Primero el barcelonismo se quedó huérfano de Johan Cruyff, después suerte que tuvo con el recambio automático cuando Ronaldinho, el hombre que devolvió la sonrisa al Camp Nou, cargó a su espalda al joven Leo Messi, entonces recuperó a un ídolo que permanece en la retina de todos los culés de forma casi que inolvidable. Y desde entonces anda en busca de un nuevo ídolo. Está enamorada esta afición de Pedri, pero también brinda abrazos y besos a Lamine Yamal, y en el camino descubre que Raphinha aparece con tanta fuerza y la vitalidad de un futbolista más maduro y entusiasmado y programado para conducir al Barça al Olimpo.
Tiene el brasileño talento, calidad y especialmente inmensas ganas de agradar a su entrenador, a sus compañeros y al público. Un jugador que hacía tiempo no se veía en el vestuario. Sabe Raphinha que posee todo para ser un ídolo, un líder de vestuario, un capitán de un equipo que busca volver a lo más alto, de conseguir éxitos y de convencer a todo el mundo de su especial carisma.

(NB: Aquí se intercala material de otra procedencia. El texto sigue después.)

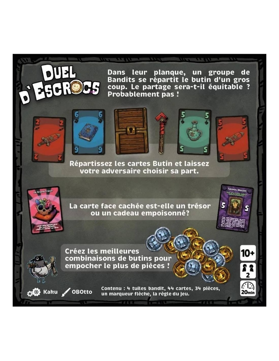 Votre bande de brigands vient de réaliser un gros coup et vous vous répartissez le butin. Le partage va-il être équitable ? Probablement pas… Tentez de récupérer plus de trésors que votre adversaire dans ce jeu à deux où le bluff et la ruse seront de mise !
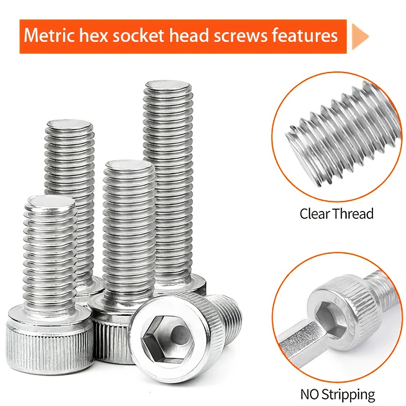 Hex Socket Cap Heads and Allen Wrenches: Designed for a secure grip and easy tightening with the included Allen wrenches, ensuring reliable fastenings.
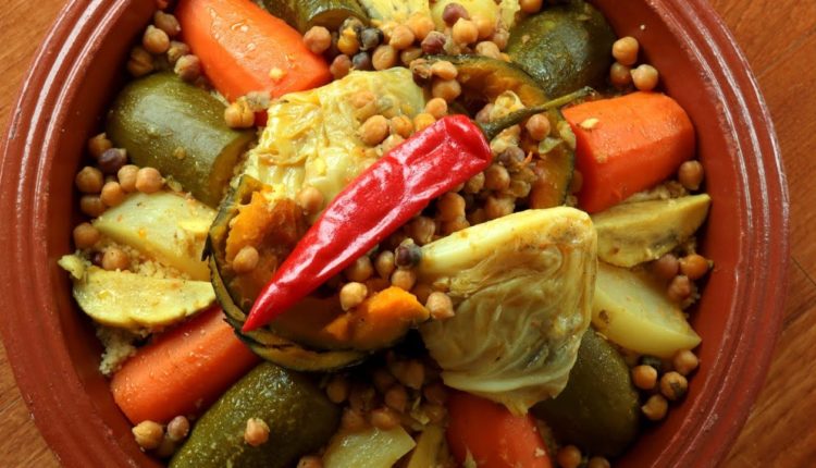 La veille, mettez les pois chiches à tremper. Le jour même, versez l’huile dans le bas du couscoussier. Faites-y fondre les oignons pelés et hachés, les pois chiches, 2 branches de cèleri, les tomates concassées et l’ail écrasé.
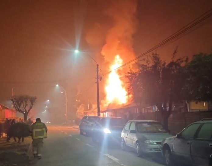 Un violento incendio registrado cerca de las 21:45 horas del domingo 29 de junio dejó como saldo una vivienda completamente destruida y daños parciales en una segunda casa, en el sector Los Coigues esquina Los Laureles, en la comuna de Río Bueno.
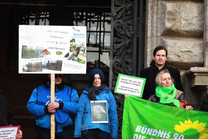 Demonstration des NABU am 19. Februar vor dem Neuen Rathaus. Fotos: Marco Arenas
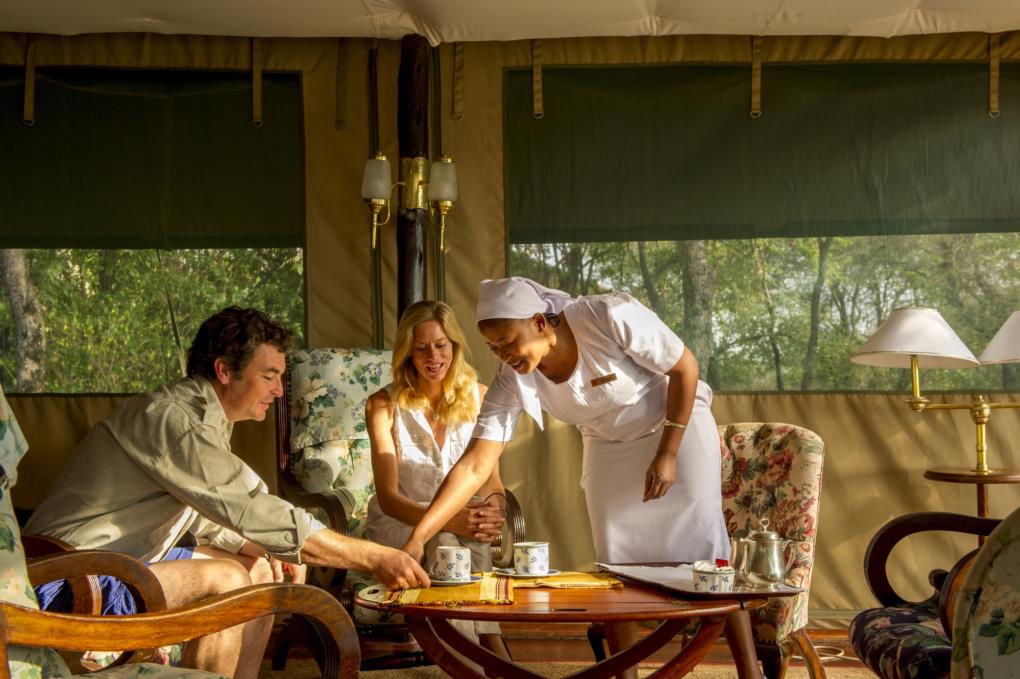 In keeping with the theme of colonial opulence, the elegant dining tent features Edwardian-styled furniture, crisp-starched napery, delicate blue and white china and silver accoutrements, whilst the staff are attired in classical colonial 'mess' uniform of white Swahili robes.

Seguramente en Brasil, su país, hoy lo están valorando más que a Vinicius, que podía haber sido una figura relevante, pero que se ha extraviado en la protesta y en la chulería. Hoy Raphinha es el nuevo Neymar de una nación que ha parido futbolistas a montones, pero pocos con el temperamento y el carácter del nuevo ídolo del barcelonismo, del futbolista que toma decisiones tanto en el campo como fuera de él para asegurar a un entrenador como Hansi Flick que todo va a mejorar. Dicho y hecho.